* _TASK OBJECTIVE_: Print the data exactly. Pictures stay out.

* _DATA SECTION_:
^^^^^^^^
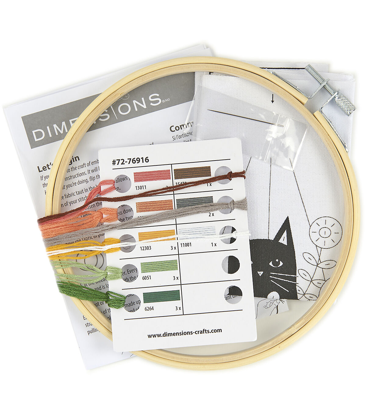 - Includes presorted thread, printed fabric, 6-inch bamboo hoop, needle and instructions
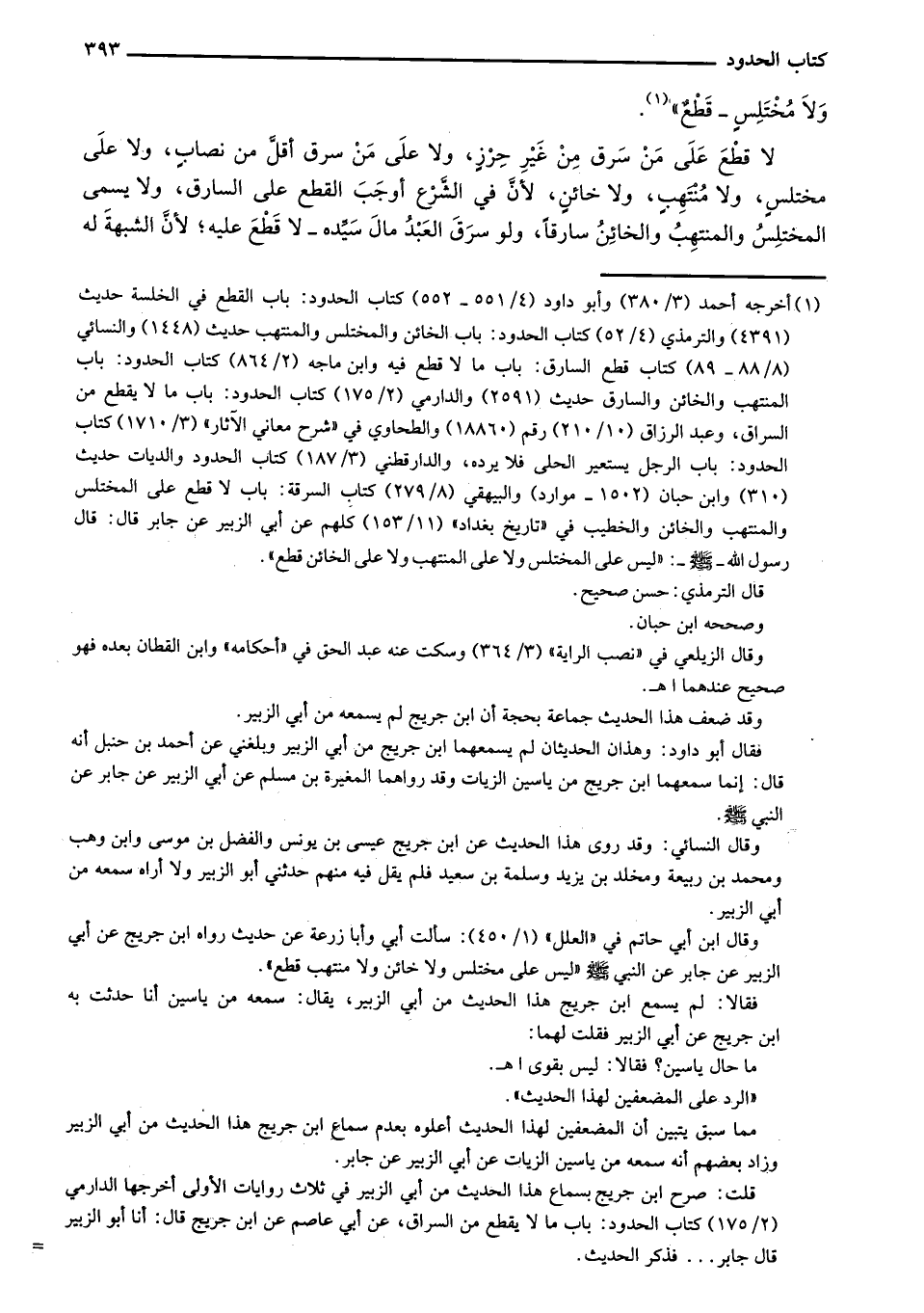 لا قطع على من سرق من غير حرزٍ، ولا على من سرق أقل من نصاب، ولا على مختلس، ولا منتهب، ولا خائن، لأن في الشرع أوجب القطع على السارق، ولا يسمى المختلس والمنتهب والخائن سارقاً، ولو سرق العبد مال سيده - لا قطع عليه؛ لأن الشبهة له
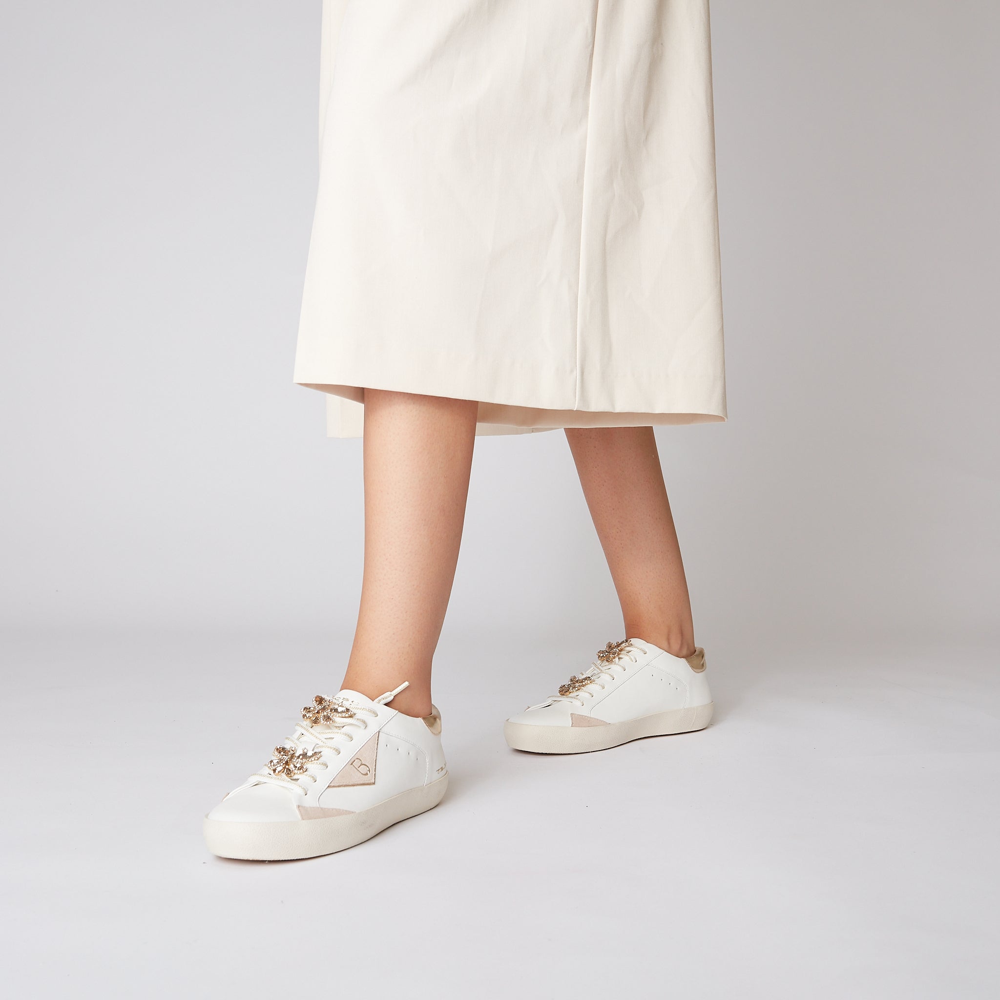 MILK/GOLD SIRIUS SNEAKER WITH JEWEL BUTTERFLIES
^^^^^^^^
* _ANSWER FOR THIS EXERCISE_:
 - Includes presorted thread, printed fabric, 6-inch bamboo hoop, needle and instructions
 لا قطع على من سرق من غير حرزٍ، ولا على من سرق أقل من نصاب، ولا على مختلس، ولا منتهب، ولا خائن، لأن في الشرع أوجب القطع على السارق، ولا يسمى المختلس والمنتهب والخائن سارقاً، ولو سرق العبد مال سيده - لا قطع عليه؛ لأن الشبهة له
 MILK/GOLD SIRIUS SNEAKER WITH JEWEL BUTTERFLIES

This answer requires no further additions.